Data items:
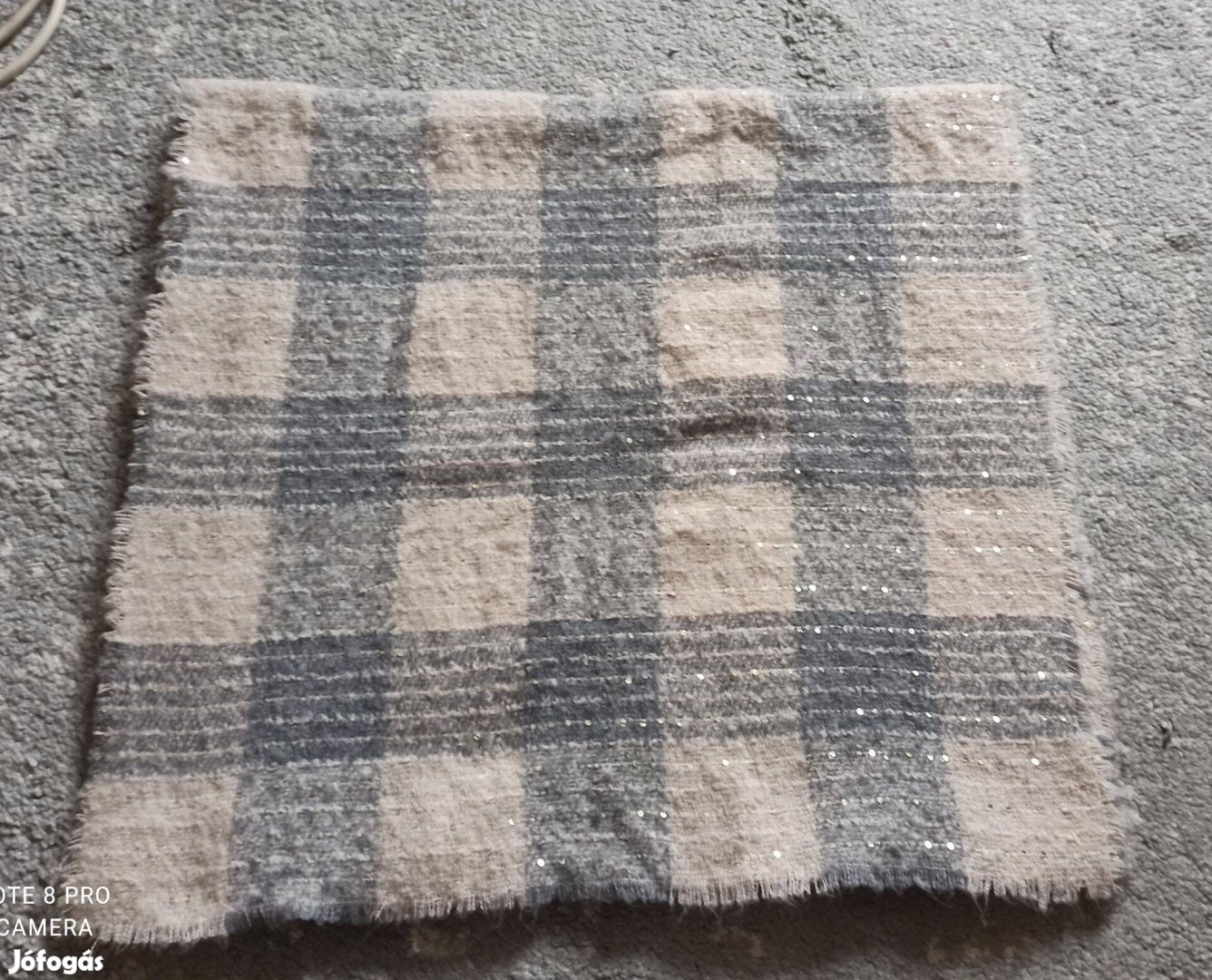 Szürke kockás flitterekkel díszített meleg kötött sál új állapotú 2500 Ft-ért eladó.
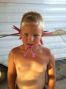 We spent a pleasant evening with friends who we met along the way, recounting our day and sharing our experiences in Carnarvon. Caleb kept himself busy with pegs!
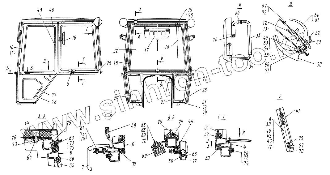 Каталог запасных частей к технике: ЮМЗ-6КЛ, (6КМ). Кабина. Каркас. Рамка задняя. Крыша. Двери
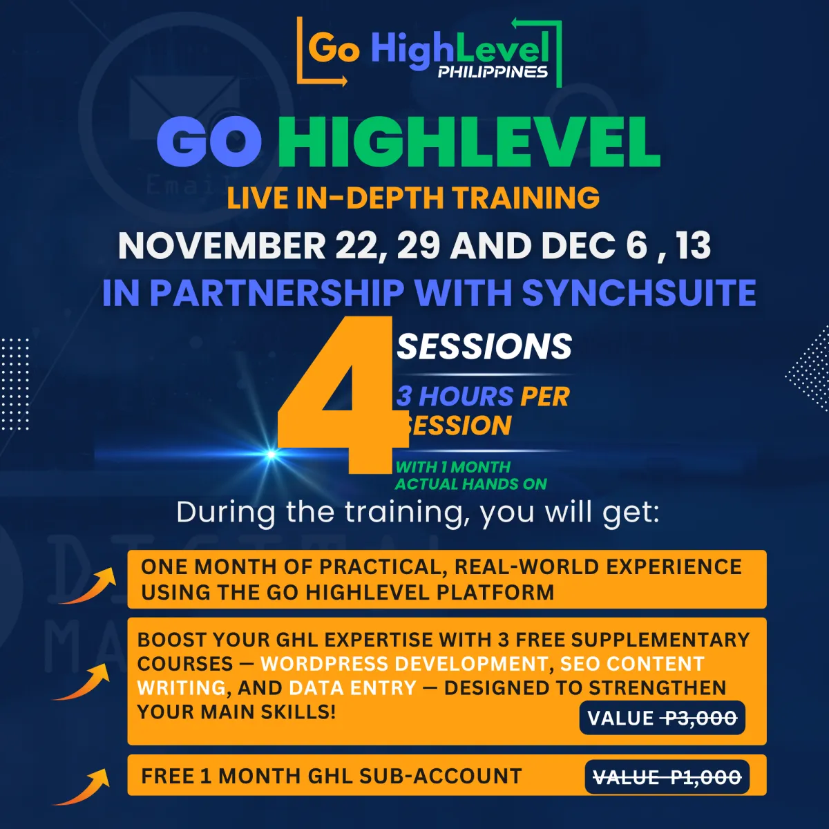 At Go HighLevel Philippines, our training is designed for advanced or specialist-level skills, not just basic knowledge. We provide in-depth guidance on best practices, tips, techniques, and strategies, and detailed explanations of why certain approaches are used, including pros and cons.
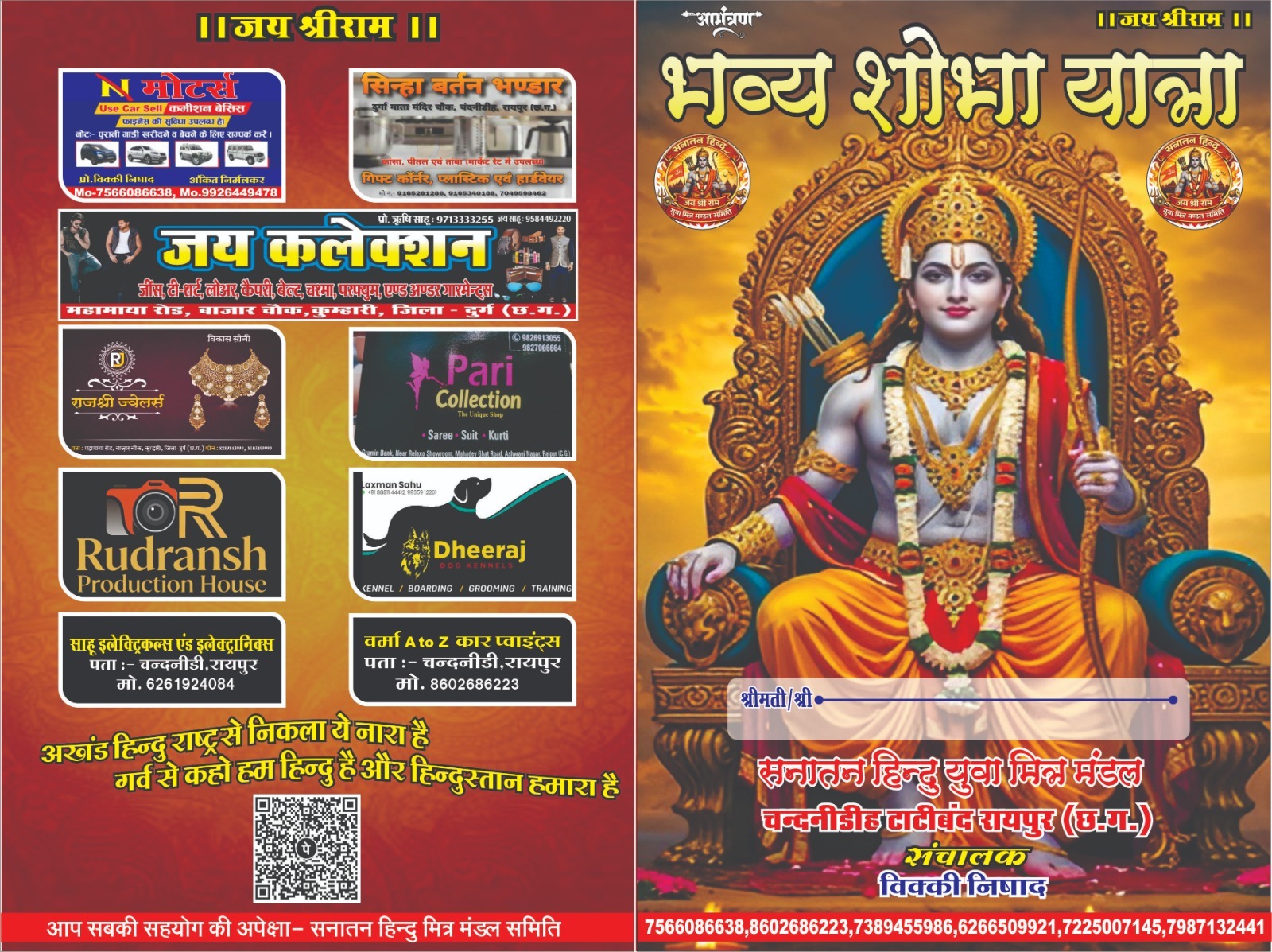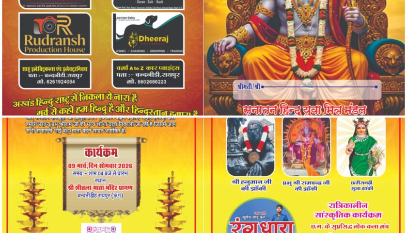 छत्तीसगढ़ (विशेष संवाददाता), द मीडिया पॉइंट। सनातन संस्कृति और छत्तीसगढ़ी लोक कला के संरक्षण हेतु सनातन हिन्दू युवा मित्र मण्डल समिति द्वारा एक विशाल आयोजन की तैयारी पूर्ण कर ली गई है। इस भव्य कार्यक्रम के मुख्य संचालक विक्की निषाद ने जानकारी साझा करते हुए बताया कि आयोजन का मुख्य उद्देश्य युवा पीढ़ी को अपनी जड़ों और भक्ति मार्ग से जोड़ना है।भक्ति और परंपरा का अनूठा समागमसंचालक विक्की निषाद के नेतृत्व में दिनांक 9 मार्च को आयोजित होने वाली इस भव्य शोभा यात्रा में भक्ति के कई रंग देखने को मिलेंगे। शाम 4:00 बजे से निकलने वाली इस यात्रा में:प्रभु श्री राम और हनुमान जी की मनमोहक जीवंत झांकियां आकर्षण का केंद्र रहेंगी।छत्तीसगढ़ महतारी की गौरवशाली झांकी के साथ पारंपरिक सुआ नृत्य की प्रस्तुति प्रदेश की लोक संस्कृति की छटा बिखेरेगी।DJ और धुमाल की थाप पर भक्तगण झूमते नजर आएंगे।रात्रिकालीन ‘रंग धारा’ का जादूशोभा यात्रा के पश्चात रात्रि 11:00 बजे से विशाल सांस्कृतिक मंच सजेगा। विक्की निषाद ने बताया कि छत्तीसगढ़ का सुप्रसिद्ध लोक कला मंच ‘रंग धारा’ अपनी पूरी टीम के साथ रात भर दर्शकों को मंत्रमुग्ध करेगा। लोक गीतों और पारंपरिक वाद्ययंत्रों की गूंज इस धार्मिक उत्सव को और भी खास बनाएगी।”हमारा प्रयास है कि इस आयोजन के माध्यम से न केवल भक्ति का प्रचार हो, बल्कि छत्तीसगढ़ी कला और सुआ नृत्य जैसे पारंपरिक धरोहरों को भी उचित सम्मान मिले।”— विक्की निषाद (संचालक)।

Assignment:
Transcribe all entries above exactly. Drop the pictures.

Solution for this exercise:
 Szürke kockás flitterekkel díszített meleg kötött sál új állapotú 2500 Ft-ért eladó.
 We spent a pleasant evening with friends who we met along the way, recounting our day and sharing our experiences in Carnarvon. Caleb kept himself busy with pegs!
 Каталог запасных частей к технике: ЮМЗ-6КЛ, (6КМ). Кабина. Каркас. Рамка задняя. Крыша. Двери
 At Go HighLevel Philippines, our training is designed for advanced or specialist-level skills, not just basic knowledge. We provide in-depth guidance on best practices, tips, techniques, and strategies, and detailed explanations of why certain approaches are used, including pros and cons.
 छत्तीसगढ़ (विशेष संवाददाता), द मीडिया पॉइंट। सनातन संस्कृति और छत्तीसगढ़ी लोक कला के संरक्षण हेतु सनातन हिन्दू युवा मित्र मण्डल समिति द्वारा एक विशाल आयोजन की तैयारी पूर्ण कर ली गई है। इस भव्य कार्यक्रम के मुख्य संचालक विक्की निषाद ने जानकारी साझा करते हुए बताया कि आयोजन का मुख्य उद्देश्य युवा पीढ़ी को अपनी जड़ों और भक्ति मार्ग से जोड़ना है।भक्ति और परंपरा का अनूठा समागमसंचालक विक्की निषाद के नेतृत्व में दिनांक 9 मार्च को आयोजित होने वाली इस भव्य शोभा यात्रा में भक्ति के कई रंग देखने को मिलेंगे। शाम 4:00 बजे से निकलने वाली इस यात्रा में:प्रभु श्री राम और हनुमान जी की मनमोहक जीवंत झांकियां आकर्षण का केंद्र रहेंगी।छत्तीसगढ़ महतारी की गौरवशाली झांकी के साथ पारंपरिक सुआ नृत्य की प्रस्तुति प्रदेश की लोक संस्कृति की छटा बिखेरेगी।DJ और धुमाल की थाप पर भक्तगण झूमते नजर आएंगे।रात्रिकालीन ‘रंग धारा’ का जादूशोभा यात्रा के पश्चात रात्रि 11:00 बजे से विशाल सांस्कृतिक मंच सजेगा। विक्की निषाद ने बताया कि छत्तीसगढ़ का सुप्रसिद्ध लोक कला मंच ‘रंग धारा’ अपनी पूरी टीम के साथ रात भर दर्शकों को मंत्रमुग्ध करेगा। लोक गीतों और पारंपरिक वाद्ययंत्रों की गूंज इस धार्मिक उत्सव को और भी खास बनाएगी।”हमारा प्रयास है कि इस आयोजन के माध्यम से न केवल भक्ति का प्रचार हो, बल्कि छत्तीसगढ़ी कला और सुआ नृत्य जैसे पारंपरिक धरोहरों को भी उचित सम्मान मिले।”— विक्की निषाद (संचालक)।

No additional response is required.